Creating Elasticsearch snapshot to backup and restore data

Elasticsearch provides a snapshot and restore mechanism to backup indices and clusters. Snapshots can be stored in either cloud-based object storage services such as AWS S3, Azure Blob Storage, IBM Cloud Object Storage, Google Cloud Storage or a local or shared file system. You can choose the storage option that best suits your infrastructure and operational requirements.

Before you begin

  1. Setup a backup in the primary cluster. The backup can be stored in a different cloud storage or filesystem.
  2. Ensure that the snapshot repository that is created for backup must be registered in both primary and secondary clusters.
  3. The storage which is the cloud or filesystem that is used in the repository must be accessible from both clusters.
  4. The versions of Elasticsearch must be the same in both clusters.
  5. The secondary cluster must have enough storage available to accommodate the restored data.

About this task

The following procedure demonstrate how to configure snapshot repositories and perform backup and restore operations.

Procedure

  1. Create a snapshot repository.
    A snapshot repository is an off-cluster storage location for your snapshots. You must register a repository before you can take or restore snapshots. For more information, see Register a snapshot repository.
  2. Create a snapshot backup in the primary cluster.
    A snapshot backup is a point-in-time copy of indices and cluster states that are stored in a remote repository for backup and restore purposes.
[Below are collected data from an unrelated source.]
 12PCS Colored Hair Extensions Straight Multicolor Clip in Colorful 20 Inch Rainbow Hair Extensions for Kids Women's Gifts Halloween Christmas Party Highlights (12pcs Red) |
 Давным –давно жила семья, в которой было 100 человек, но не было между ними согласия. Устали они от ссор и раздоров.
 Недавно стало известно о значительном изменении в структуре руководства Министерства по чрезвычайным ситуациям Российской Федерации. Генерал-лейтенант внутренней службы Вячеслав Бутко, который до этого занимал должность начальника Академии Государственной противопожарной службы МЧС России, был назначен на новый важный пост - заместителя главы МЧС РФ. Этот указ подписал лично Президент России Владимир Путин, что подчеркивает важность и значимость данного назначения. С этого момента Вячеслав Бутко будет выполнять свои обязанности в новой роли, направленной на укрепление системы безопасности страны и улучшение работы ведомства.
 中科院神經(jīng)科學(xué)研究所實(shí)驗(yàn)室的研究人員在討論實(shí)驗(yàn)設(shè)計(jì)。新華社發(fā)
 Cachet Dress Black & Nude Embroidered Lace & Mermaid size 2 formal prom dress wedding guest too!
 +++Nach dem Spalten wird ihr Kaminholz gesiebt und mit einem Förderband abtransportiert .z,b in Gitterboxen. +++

For more information, see Create a snapshot.
    Important: While creating a snapshot in the primary Elasticsearch cluster, ensure that all the product data and configurations are included to enable a complete and reliable backup, including the following data:
    • All the application generated indices such as iv-*, siprules_*, cat*, demands-*, reservations-*, supplies-*, item-node-records, otmz-*, and any relevant .ds-* or hidden indices required by the product.
    • Data streams associated with your product.
    • Index settings and mappings.
    • Index Lifecycle Management (ILM) policies.
    • Index aliases.
    • Index templates and component templates.
    • Ingest pipelines, if used.
    • Snapshot Lifecycle Management (SLM) policies, if applicable.
    • Cluster settings that are configured by setting include_global_state: true.
  3. Restore the snapshot in the secondary cluster.
    Restoring a snapshot to a secondary cluster involves
    • retrieving data from a snapshot that is created in the primary cluster which is stored in a shared or transferred repository and
    • loading it into the secondary cluster to recover or migrate indices and cluster state.
    For more information, see Restore a snapshot.
    Important: While creating a snapshot in the primary Elasticsearch cluster, ensure that all the product data and configurations are included to enable a complete and reliable backup, including the following data:
    • All the application generated indices such as iv-*, siprules_*, cat*, demands-*, reservations-*, supplies-*, item-node-records, otmz-*, and any relevant .ds-* or hidden indices required by the product.
    • Data streams associated with your product.
    • Index settings and mappings.
    • Index Lifecycle Management (ILM) policies.
    • Index aliases.
    • Index templates and component templates.
    • Ingest pipelines, if used.
    • Snapshot Lifecycle Management (SLM) policies, if applicable.
    • Cluster settings that are configured by setting include_global_state: true.